My tonal drawings and lithographs combine precise representation of everyday objects and environments with expressions of mood and psychological meaning. The subjects I deal with are household interiors and urban scenes that convey multiple levels of meaning about daily life, some apparent and some beneath the surface. Sofas express comfort and calm in a familiar environment but also have a sense of unease and forbidding. I heighten drama by depicting objects close up, emphasizing large abstract shapes, and contrasting lit surfaces with deep shadows. While there are no human figures, there is often the sense of an unseen observer who has just inhabited the scene or will soon appear. Sinks are bathed in light revealing surfaces of porcelain with metal faucets while pipes beneath are in shadow and connected to hidden areas behind walls and in basements. My sinks, pipes, and water towers are analogous to human bodies with internal plumbing; pipes are conduits of necessary fluid and waste and their operation cannot be consciously controlled. In my work, plumbing is a metaphor for much that goes on within our physical bodies and psyches, seen and unseen, felt and unfelt, efficient and problematic.

I like the immediacy of tactile media: the expressive darks of charcoal, the sensation of lithographic crayon on stone, the fluidity of ink wash, the smooth surface of wax.
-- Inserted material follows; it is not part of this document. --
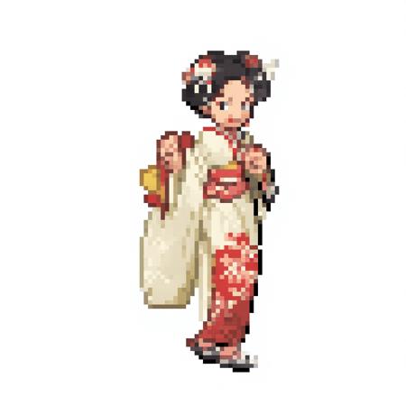 - a pixel image of woman with beautiful sakura kimono, on white background
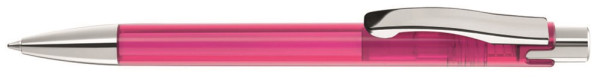 Druckkugelschreiber mit transparent glänzendem Gehäuse, schwerer Metallspitze, Metalldrücker und Metallclip glanzverchromt.

Some images of sinks and plumbing are rendered in a wax resist technique combining paraffin, waterproof ink wash, compressed charcoal, and conte crayon. For tonal images, I do lithographic prints or use charcoal pencil on wove paper conveying the immediacy of surface textures, wool and velour fabric, firm wood, and interior walls. My use of black and white tones evokes old photographs, cinema, and a remembered past. I am interested in the objects themselves and in inviting observers to create color and meaning in their minds, much as readers of books imagine scenes painted by words and make them their own.

In my previous career as an academic social historian, my subject was also everyday life. For thirty-odd years, my research, publications, and teaching centered on shedding new light on aspects of daily life that are taken-for-granted and thus often unnoticed and unexplored. My special concern was the history of women’s household and workplace experience, and later the history of ordinary men’s and women’s dress in public and private settings. As an artist I continue to explore ordinary objects and environments whose meanings are often hidden beneath the surface.